The lakeFS file system's transaction is the intended place for conducting versioning operations between file transfers. The following is an example of file uploads with commit creations, with a tag being applied at the end.

from lakefs_spec import LakeFSFileSystem

fs = LakeFSFileSystem()

with fs.transaction("repo", "main") as tx:
    fs.put_file("train-data.txt", f"repo/{tx.branch.id}/train-data.txt")
    tx.commit(message="Add training data")
    fs.put_file("test-data.txt", f"repo/{tx.branch.id}/test-data.txt")
    sha = tx.commit(message="Add test data")
    tx.tag(sha, name="My train-test split")

The full list of supported lakeFS versioning operations (by default, these operations target the transaction branch):

  • commit, for creating a commit, optionally with attached metadata.
  • merge, for merging a given branch.
  • revert, for reverting a previous commit.
  • rev_parse, for parsing revisions like branch/tag names and SHA fragments into full commit SHAs.
  • tag, for creating a tag pointing to a commit.

Lifecycle of ephemeral transaction branches

You can control the lifecycle for a transaction branch with the delete argument:

  • By default (delete="onsuccess), the branch is deleted after successful completion, and left over in case of failure for debugging purposes.
  • If delete="always", the branch is unconditionally deleted after the transaction regardless of its status.
  • Similarly, if delete="never", the branch is unconditionally left in place after the transaction.

Additionally, the automerge keyword controls whether the transaction branch is merged after successful completion of the transaction.
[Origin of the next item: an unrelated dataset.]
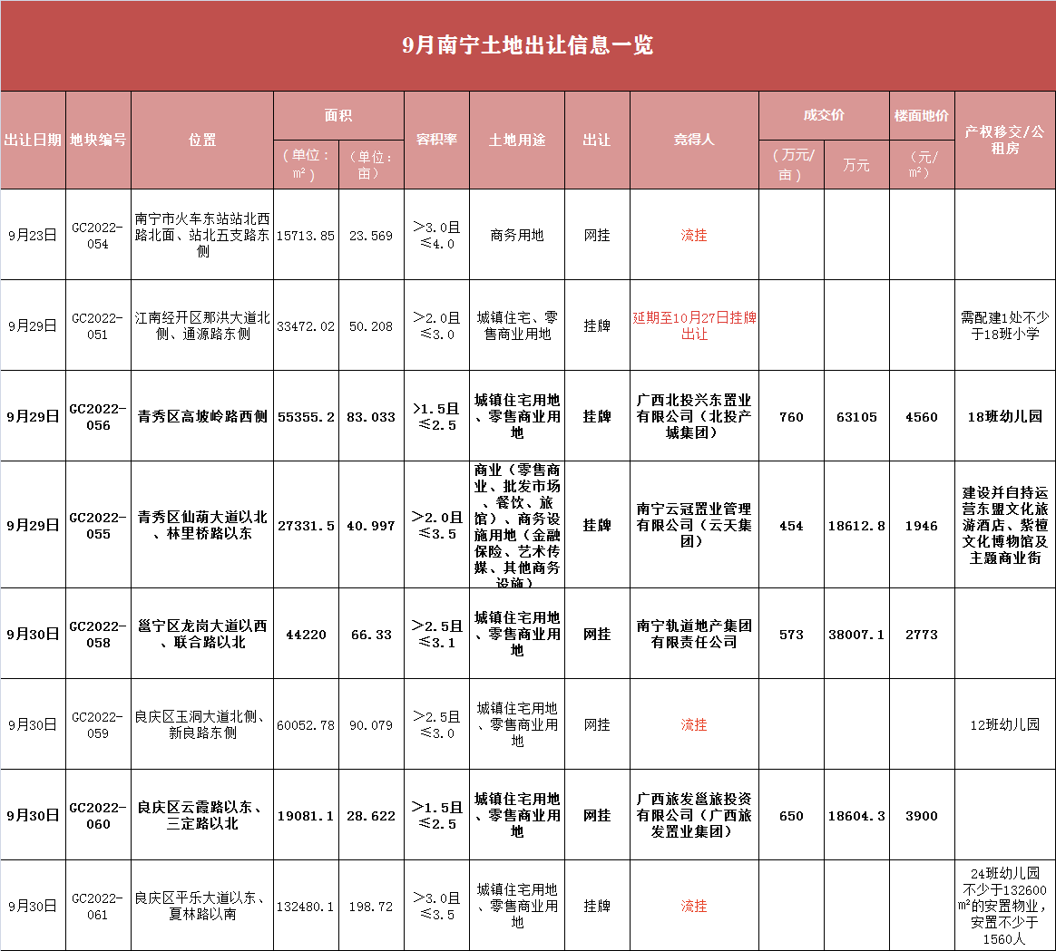 对比来看,9月的土地含金量更高,成功出让的均为位置较好的地段,如良庆区、青秀区。国企为拿地主力军,且楼面价都不高。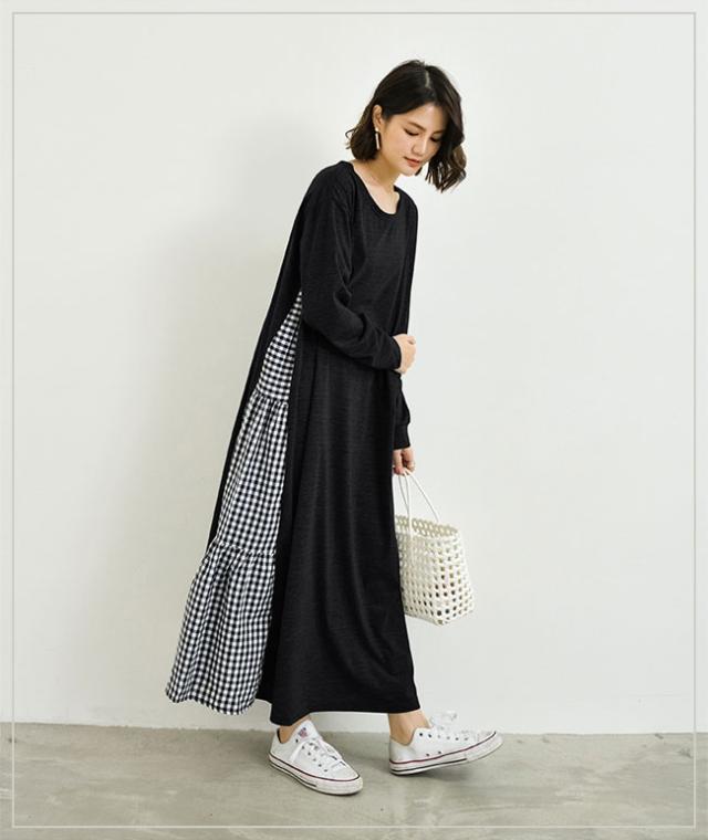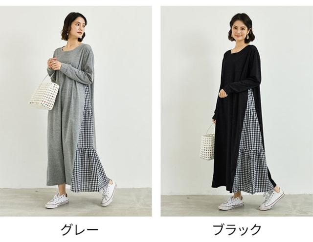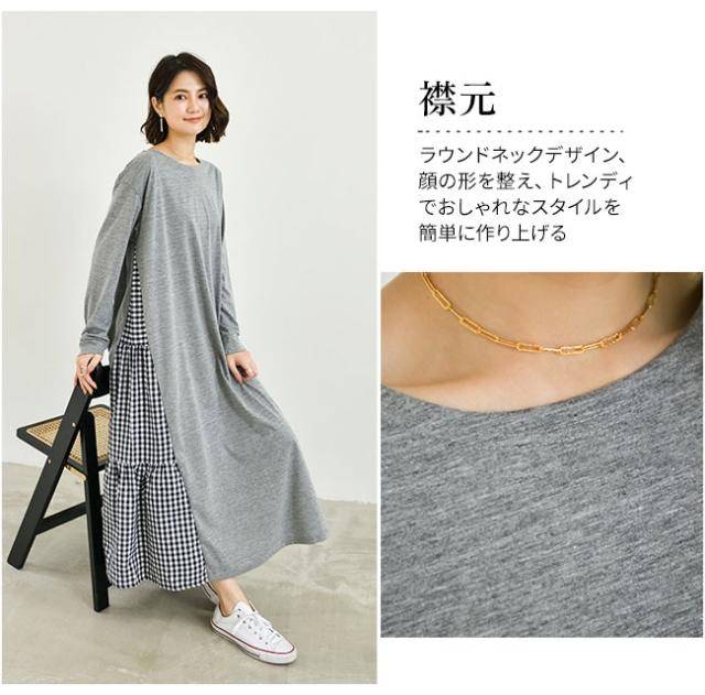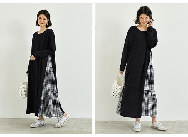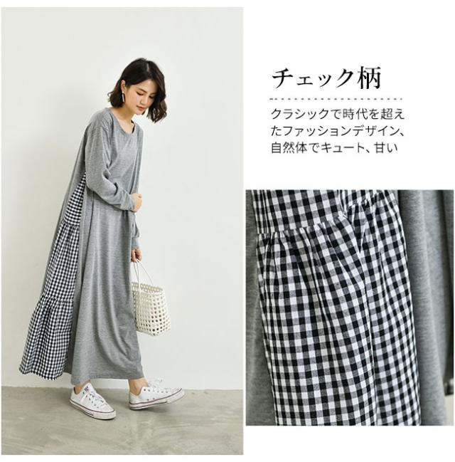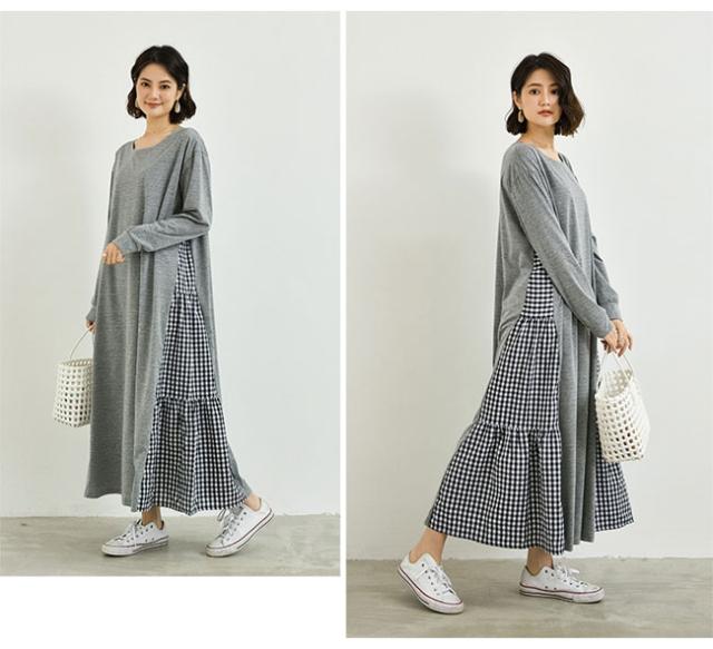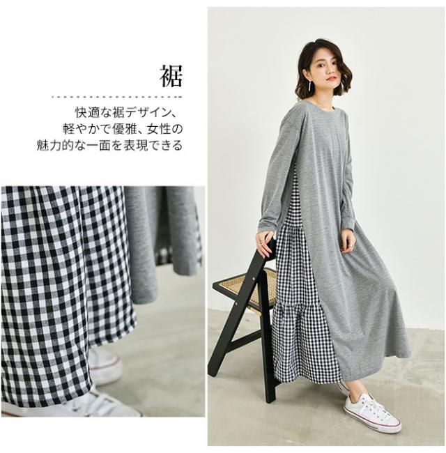 【即納 特別価格】ワンピース ゆったりワンピース ビッグスカート長袖 ロングスリーブ ロンTワンピース 体型カバー ワンピ ロング丈 女性用 グリッド柄 インナードレス ロング丈 スリム 大きいサイズ 冬

It has no effect if an error occurs over the course of the transaction.

Error handling

Since all files are uploaded to a short-lived transaction branch, no commit on the target branch happens in case of an exception:

from lakefs_spec import LakeFSFileSystem

fs = LakeFSFileSystem()

with fs.transaction("repo", "main", delete="onsuccess") as tx:
    fs.put_file("my-file.txt", f"repo/{tx.branch.id}/my-file.txt")
    tx.commit(message="Add my-file.txt")
    raise ValueError("oops!")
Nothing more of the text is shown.